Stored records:

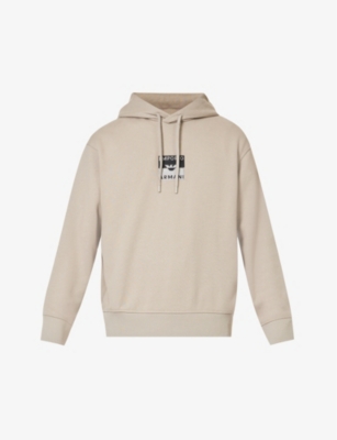 EMPORIO ARMANI Logo print cotton jersey hoody Selfridges
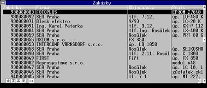 (kam se dostanete po stisku <F3>) pak jednotlivé polozky objednávky.
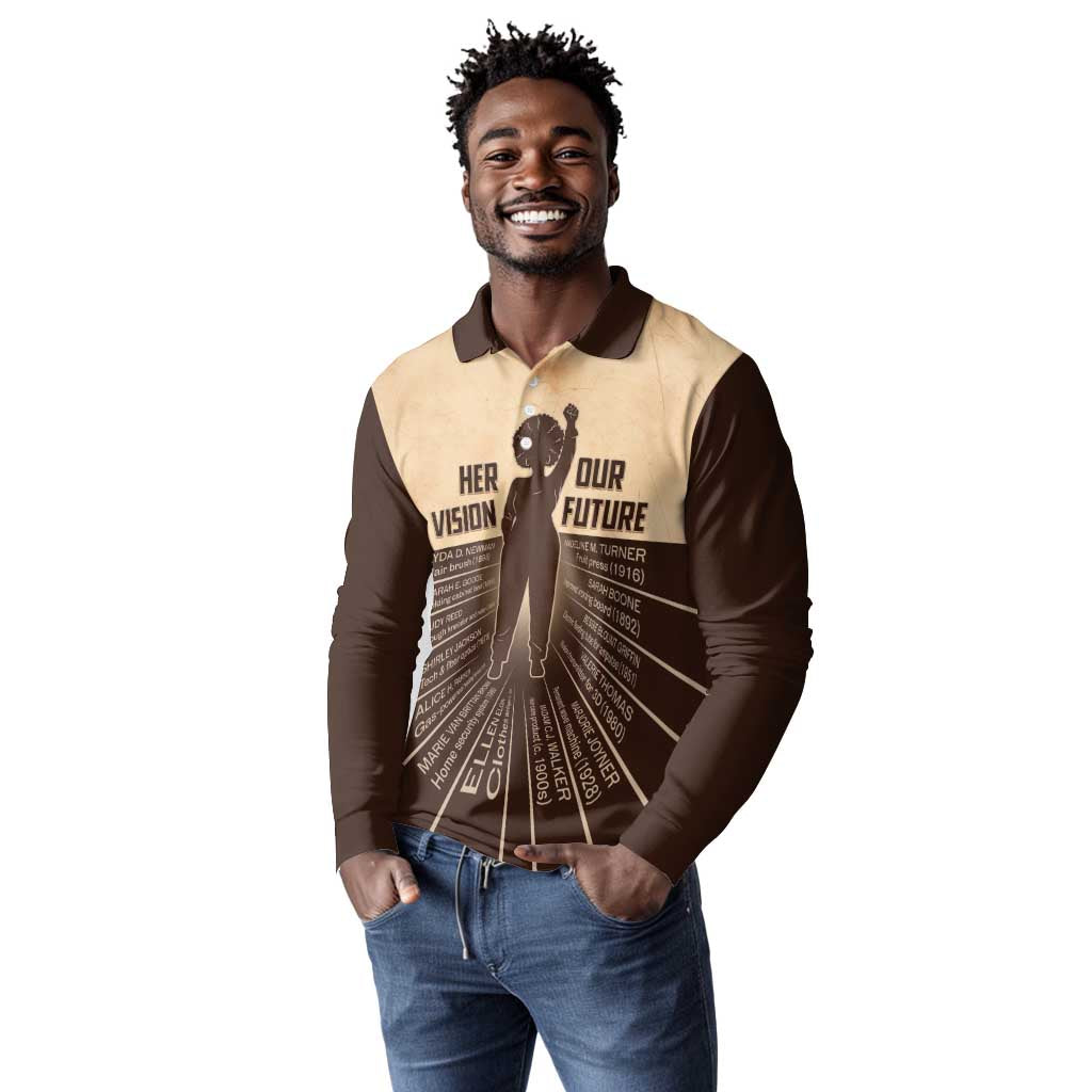 Her Vision Our Future Long Sleeve Polo Shirt Influential Black Women Inventors and Pioneers
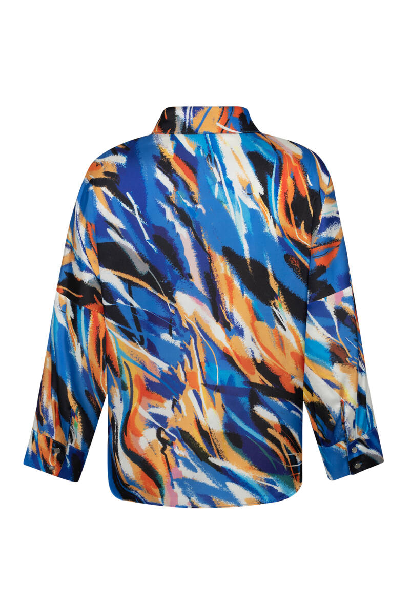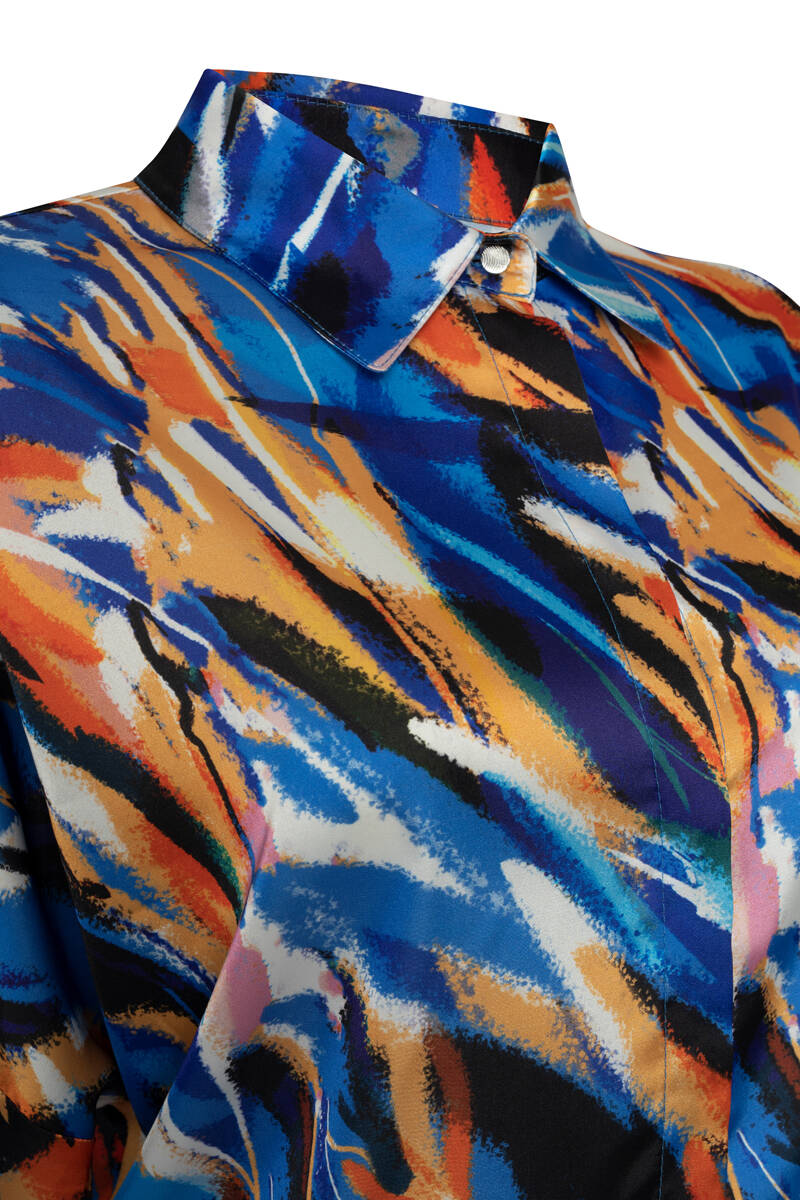 Saks Desenli Kısa Bluz
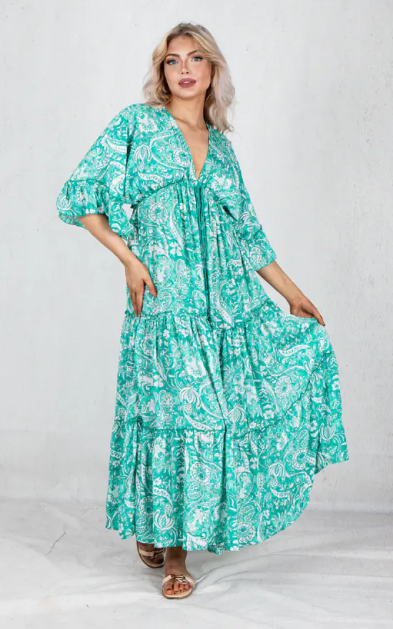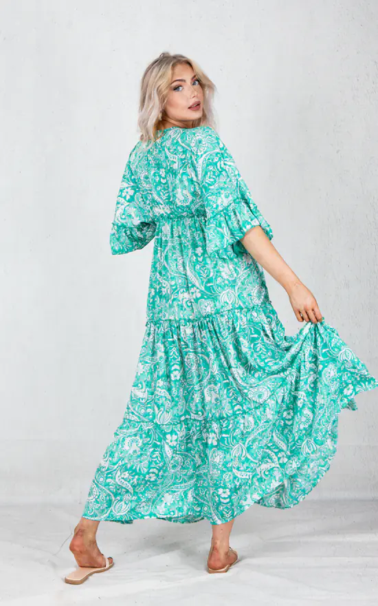 This Green Printed Tiered V Neck Maxi Dress is part of our latest dress collection. Featuring a light weight material, short sleeve with frill detail, V neck, tiered style and finishing in a flowy fit.
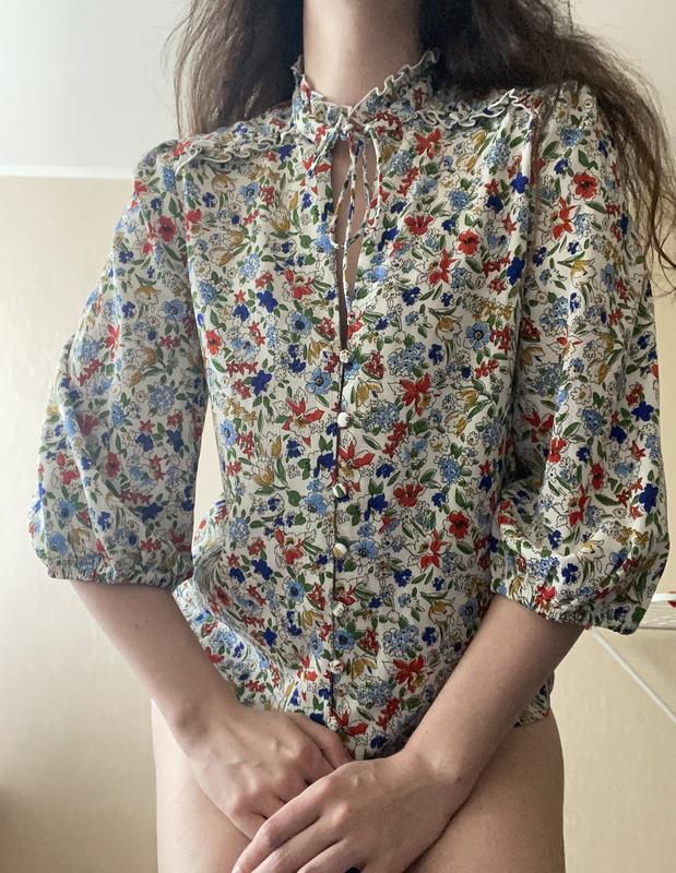 Очень красивая блуза, в цветочный принт, на шее завязывается бантик Размер S

▸ **EXERCISE DETAILS**:
Print the data above exactly; drop every picture.

▸ **EXPECTED ANSWER**:
 EMPORIO ARMANI Logo print cotton jersey hoody Selfridges
 (kam se dostanete po stisku <F3>) pak jednotlivé polozky objednávky.
 Her Vision Our Future Long Sleeve Polo Shirt Influential Black Women Inventors and Pioneers
 Saks Desenli Kısa Bluz
 This Green Printed Tiered V Neck Maxi Dress is part of our latest dress collection. Featuring a light weight material, short sleeve with frill detail, V neck, tiered style and finishing in a flowy fit.
 Очень красивая блуза, в цветочный принт, на шее завязывается бантик Размер S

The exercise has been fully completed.